This really is a fascinating issue to talk about, AS we already know that the overall procedure for regular FDA Approvals takes time and years, whereas, In times of dire emergency where a device/procedure/drug needs to be made available to the common public, a EUA should only be approved, only after testing it on a  control group, on a larger scaled compared to the control groups of FDA approval procedures. Results that cater to at least 85% percent of the population, and are proven to be beneficial, with the help of proper guidelines and awareness, the product should be administered.

I think there have been a few medical devices that have received EUAs, even during COVID. One example that I found was aimed at ventilator access as many hospitals found themselves not being able to support the volume of people that faced respiratory complications from the virus. In this EUA, the FDA authorized ventilators and ventilator accessories that were originally either not authorized due to not being in the market yet or had modifications that would require new 510k's to be used. This move helped hospitals provide better care for more individuals during the height of the pandemic when the healthcare industry faced many shortages. 

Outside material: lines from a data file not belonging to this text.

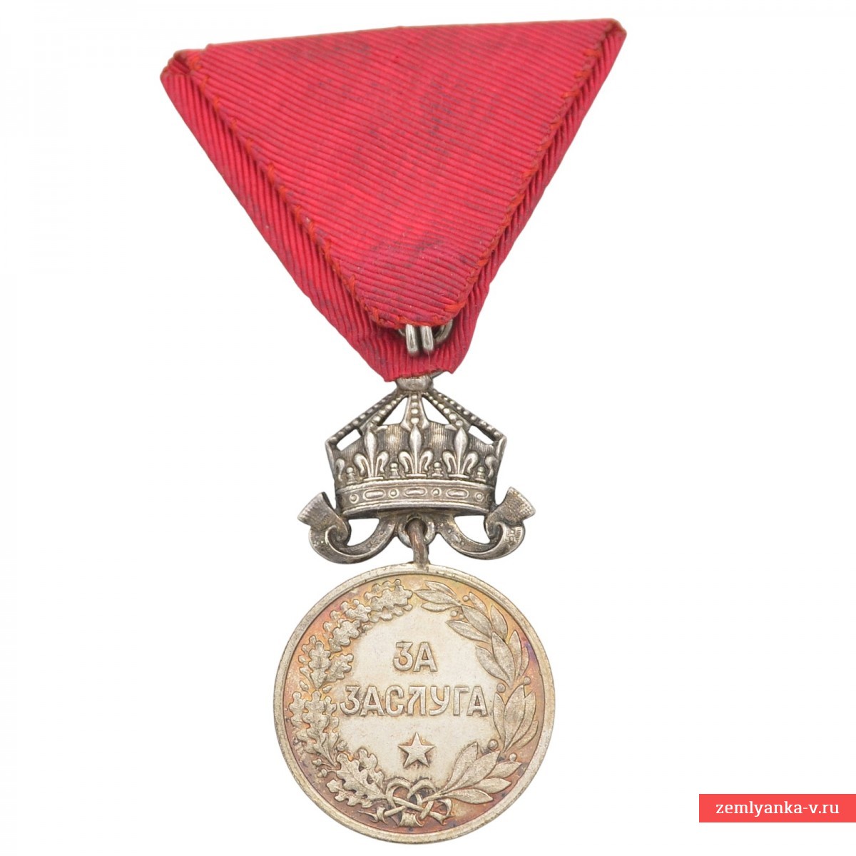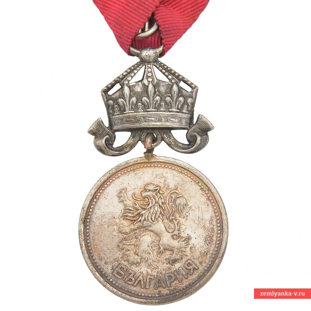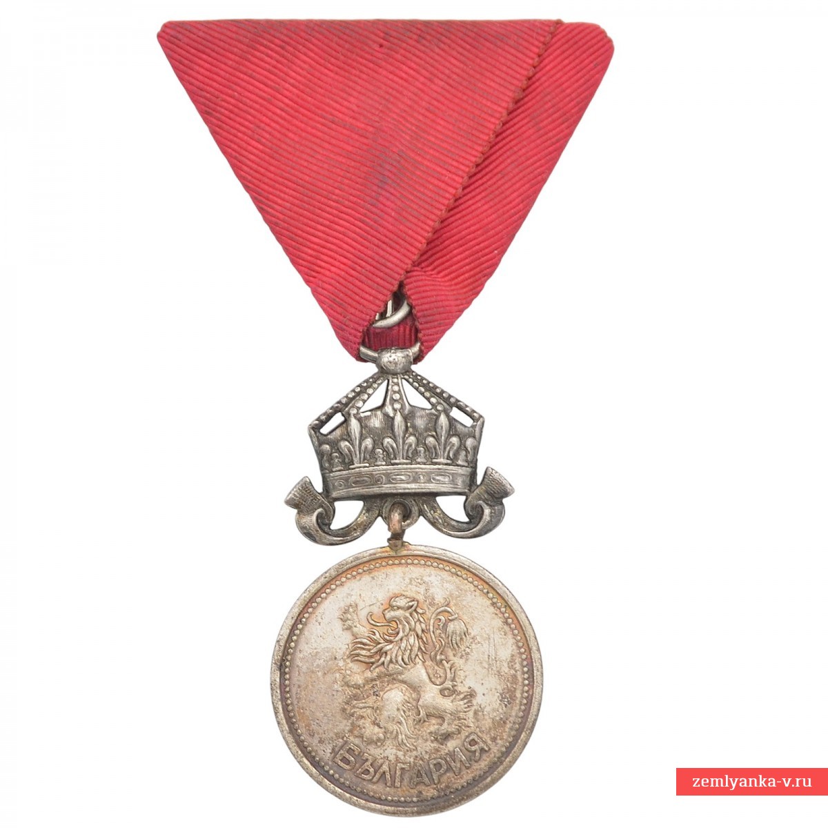 Silver, stamping. The medal was established in 1881 and was awarded for outstanding services to the Bulgarian nation and the crown. The obverse of the medal depicts a crowned Bulgarian lion standing on its hind legs (the state coat of arms) and the Cyrillic inscription "BULGARIA". A crown-shaped pendant was used to denote merit to the Crown./A monarch, as opposed to the option without a crown (for services to the Fatherland/By the State). Reverse (reverse side): in the center is the inscription "For Merit" (bolg.) in two lines, surrounded by a wreath of oak and laurel leaves tied with a ribbon, and a five-pointed star at the bottom (this side is not visible in the image, but is standard for the medal). The reward is on the original shoe. Initially, the medal was awarded on a crimson ribbon, but later the use of the ribbon of the Order of Bravery (red) for services during the war and on the battlefield was approved. Excellent condition. Guarantee of authenticity.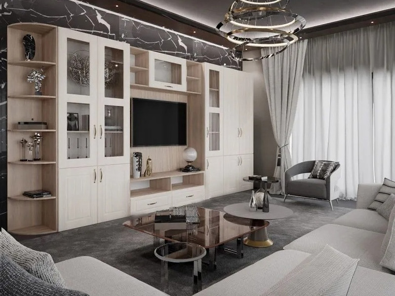 Состав комплекта: Пенал (стекло), Стеллаж угловой, Тумба ТВ, Шкаф навесной, Шкаф-900, Шкаф-900 (стекло)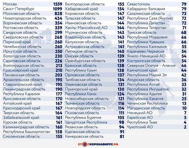 Санкт-Петербург (1099 случаев), Московская область (828), Нижегородская область (434), Воронежская область (354), Ростовская область (339), Самарская область (299), Свердловская область (268).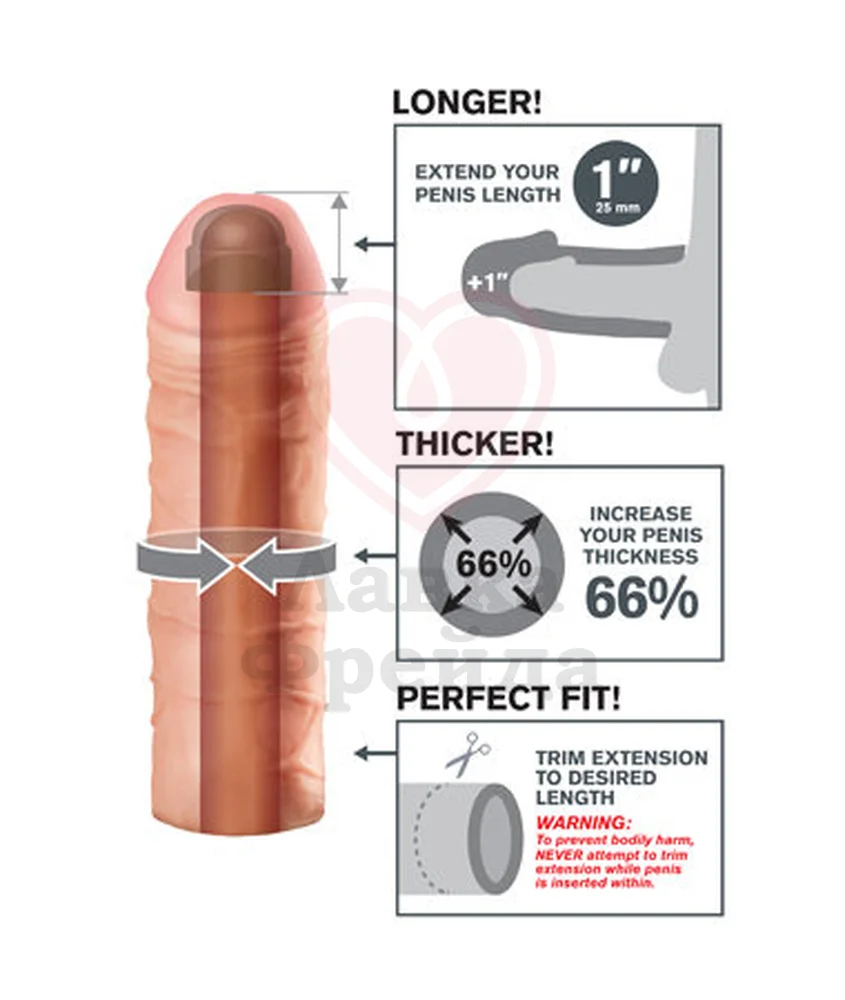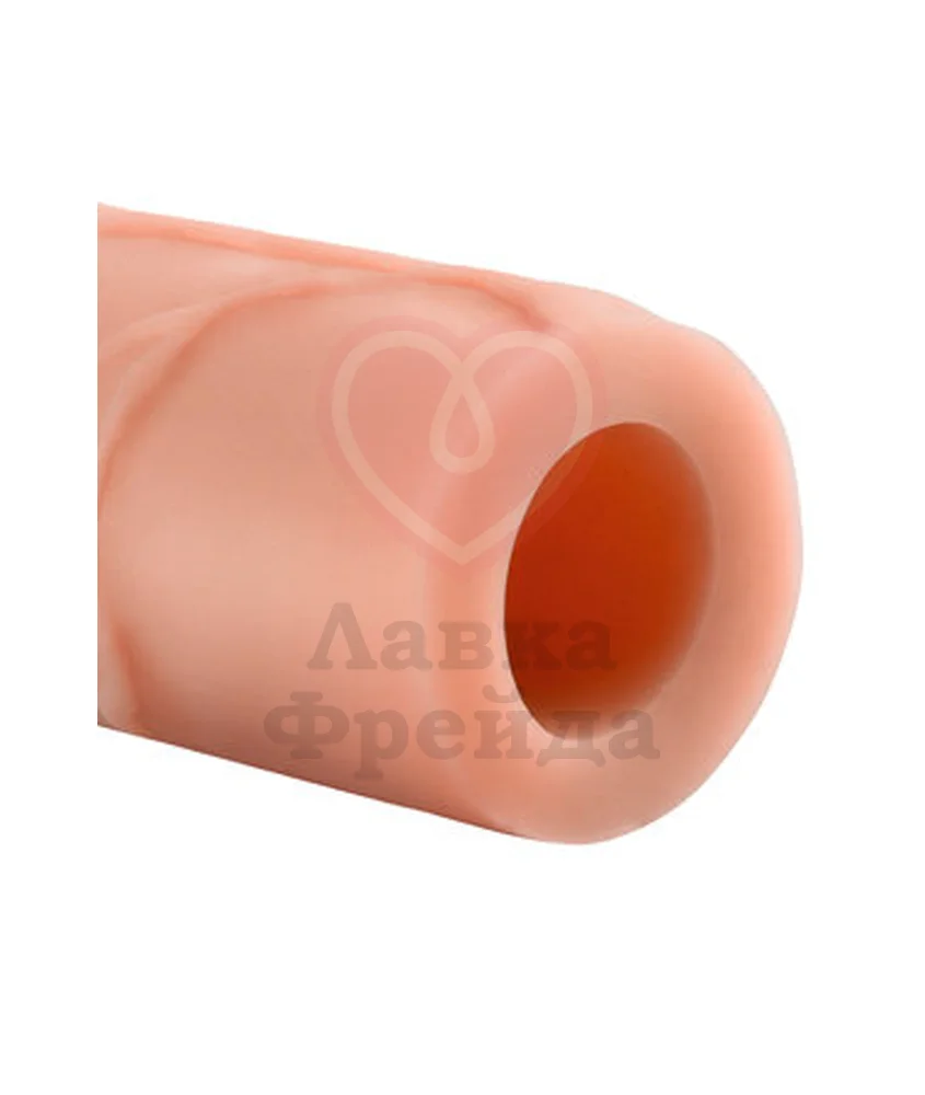 Насадка удлинитель Mega 1'' Extension - супер эластичная, мягкая и ультра - реалистичная. Находка для любого мужчины, чтобы удивить свою вторую половинку и подарить новые ощущения: более глубокое и полное проникновение. Ощущается, как вторая кожа доставляя удовольствие обоим партнёрам. Легко обрезается у основания для идеальной подгонки размера. Используется на вибраторы и фаллоимитаторы. Удлиняет на 25 мм, увеличивает диаметр мужского достоинства на 66 %. Цвет: Телесный. Размер: длина - 17,7 см, диаметр - 4,8 см; внутренний минимальный диаметр - 3 см. Материал: TPE-Elastomer.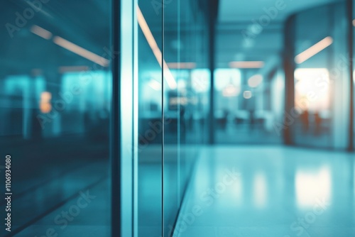 Modern Office Interior with Glass Walls and Reflective Surfaces, Showcasing a Clean, Minimalist Design in a Professional Workspace Environment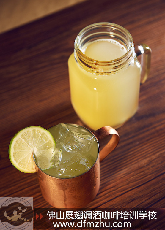 在銅質(zhì)馬克杯中調(diào)勻,以青檸裝飾。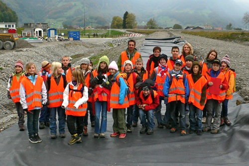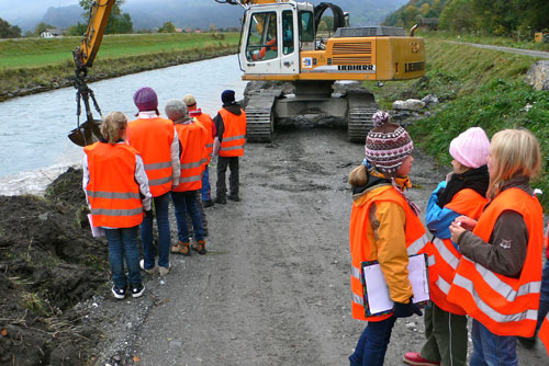 Baustellenbesuch der 5. Primarklasse Niederurnen als Exkursion zum Thema Linthwerk.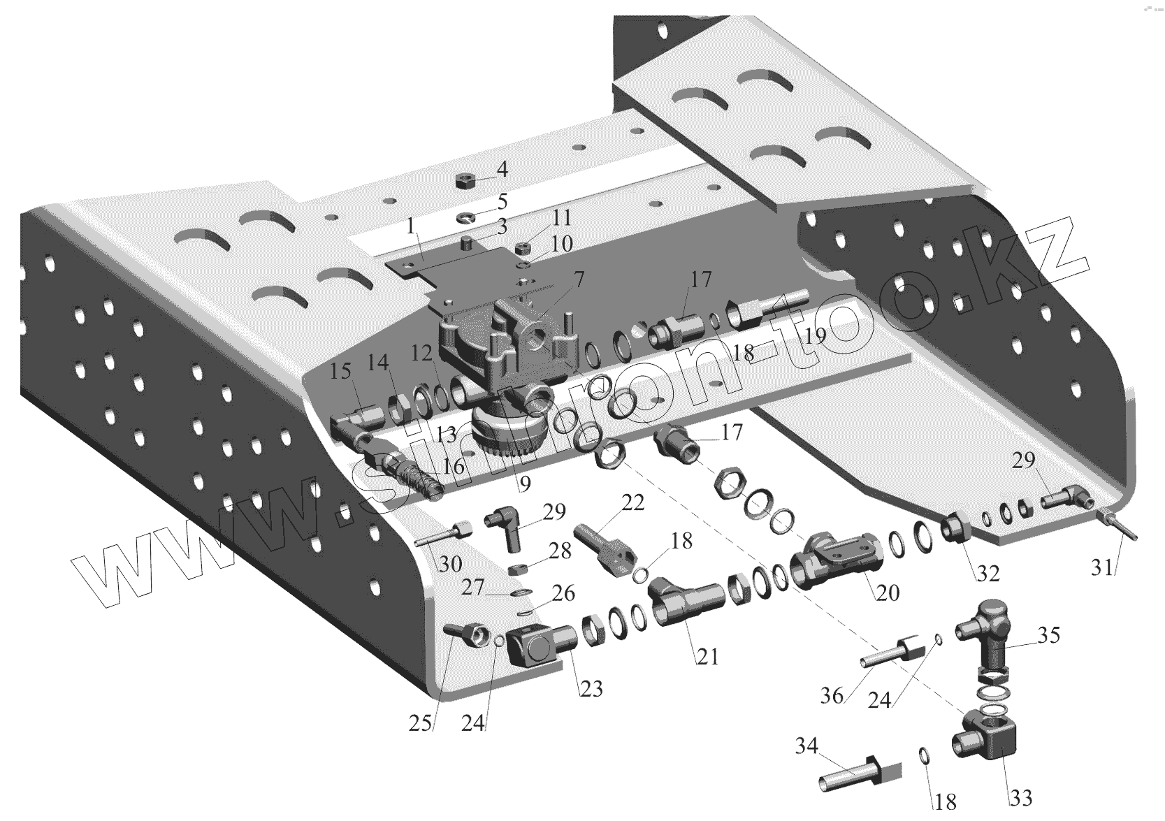 Каталог запасных частей к технике: МАЗ-650119. Крепление клапана ускорительного 650136-3518004

In my search, I've come to find out that there have been many EUAs issued for medical devices, usually around disease outbreaks that we've heard in the news. Maybe it was because I was young and don't remember, or maybe ignorance, but I don't recall hearing about them. The first time I heard of EUAs was for the COVID vaccine. What circumstance or product that had EUAs issued surprised you?

https://www.fda.gov/medical-devices/coronavirus-disease-2019-covid-19-emergency-use-authorizations-medical-devices/ventilators-and-ventilator-accessories-euas   - Ventilator EUA page

 EUA is applied  to strengthen public health protection against chemical, biological, radiological or nuclear threats by allowing to use medical countermeasures. 

Although EUA approves devices/drugs/vaccines in less amount of time it never compromises the safety of approved product. The EUA for product only comes after they test major human population randomly and find least significant side effects. Although here they do not go into pathophysiology of each side effect and methods to alleviate and leave it to physician to test, prescribe and treat patients.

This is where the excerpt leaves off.